回到衙門之后,我立即開始驗看死者尸體,王志年紀應該是在二十幾歲,平時生活還行,牙齒齊全,脖頸處之有一個痕跡,確定是由那個繩子造成的,其他外傷基本沒有,手指處有一處劃傷,具體由什么造成的,不是很清楚。“小李哥,zisha應該是確定的,沒有其他人捆扎或者綁束他的痕跡。”“有沒有可能跟從前一樣,有人威脅他,逼他zisha。”“小李哥,你很希望這是一個他殺案?”“不是,主要是他東西沒了,掌柜的說的那個箱子呢。”“我也在納悶,箱子去哪了。”“這樣吧,我們去那間房看看,箱子還有沒有可能被藏在哪個角落了。

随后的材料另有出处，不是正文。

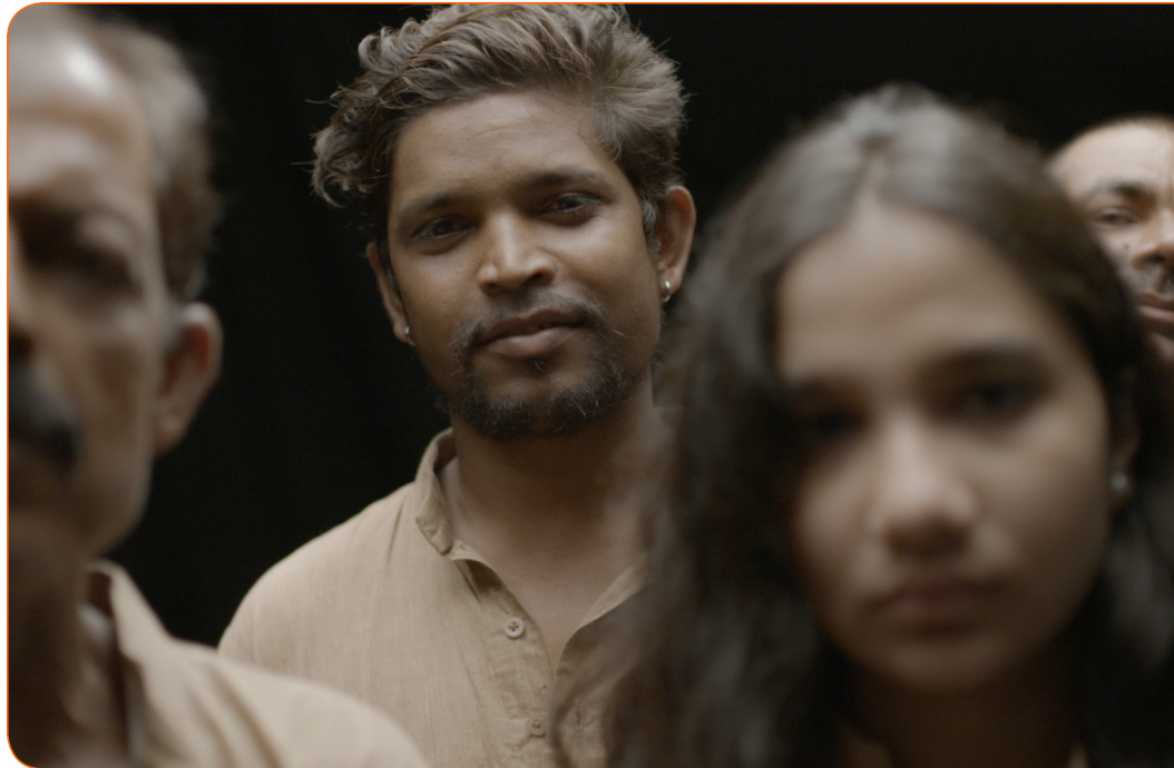
Begegnung im „Black Room“

Dennoch offenbarten sich mir zahlreiche Möglichkeiten des Mediums Film, die mir in einer Forschungsarbeit verwehrt bleiben: Ein Film darf oder vielmehr sollte provozieren, verwirren, Emotionen auslösen, er muss keine Fragen beantworten und kann solche stellen, die z.B. die Feldforschung nicht beantworten kann. Ich habe mir die Frage gestellt, was passiert, wenn wir so viele Zeichen sozialer Zugehörigkeit wie nur möglich von unseren Protagonist*innen abstreifen und sie dann in einem neutralen Raum miteinander konfrontieren.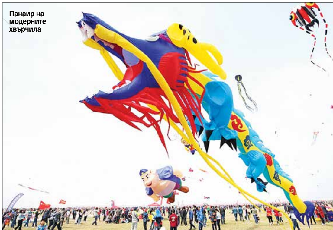
Панаир на модерните хвърчила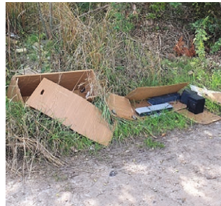
Schrank mit Musikanlage am Silo bei der Bockaer Straße in Kraschwitz

Immer wieder werden widerrechtliche Abfallablagerungen (Asbest, Sperrmüll, Essenreste, Kompostierhaufen, Häckselgut, Plastiksäcke, alte Autoreifen usw.) auf den ländlichen Wegen, an Straßenkörpern und in den Waldstücken der Gemeinden vorgenommen. Zuletzt betraf es insbesondere Kraschwitz, Nobitz, Engersdorf und Ziegelheim.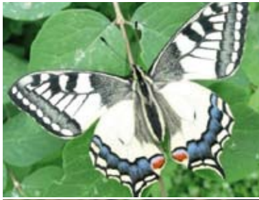
[1] Schwalbenschwanz Papilio machaon (Oberseite)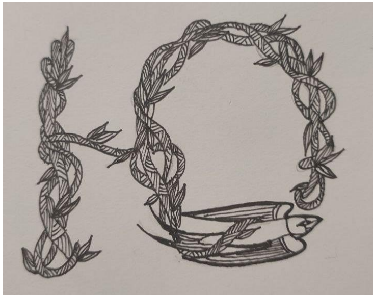
Рис. 2. Літера «Ю»

На завершення роботи над авторським шрифтом кожна літера промальовувалась тушшю. Приклади літер представлено на рис. 2. та рис. 3.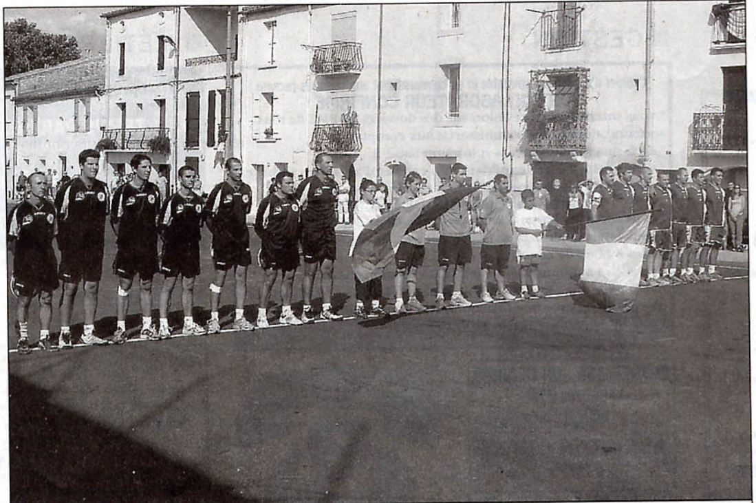
Le week-end s'est achevé dimanche soir à Gignac par le match entre les équipes A des deux pays.

”
我們再次回到案發現場,讓大家仔細的搜查床下面,桌子下面,書柜后面等等地方,半天一無所獲。“沒有啊,江逸。”“這間房是不是有點不對勁啊。”“不對勁?”這個書柜放的位置正好擋住了那一邊的光線。去把小二叫來。”
“小二哥,這書柜剛好擋住了光線,你們怎么這么擺。”“這個事啊,說來話長,我們店這間房以前有個老顧客,他老住這間,說這間安靜,他每次來都說要把書柜這么放,他幾乎每月都來,后來掌柜的說,挪來挪去太煩了,直接就這么放了。”“那你們后來都沒挪開過了?”“是啊。”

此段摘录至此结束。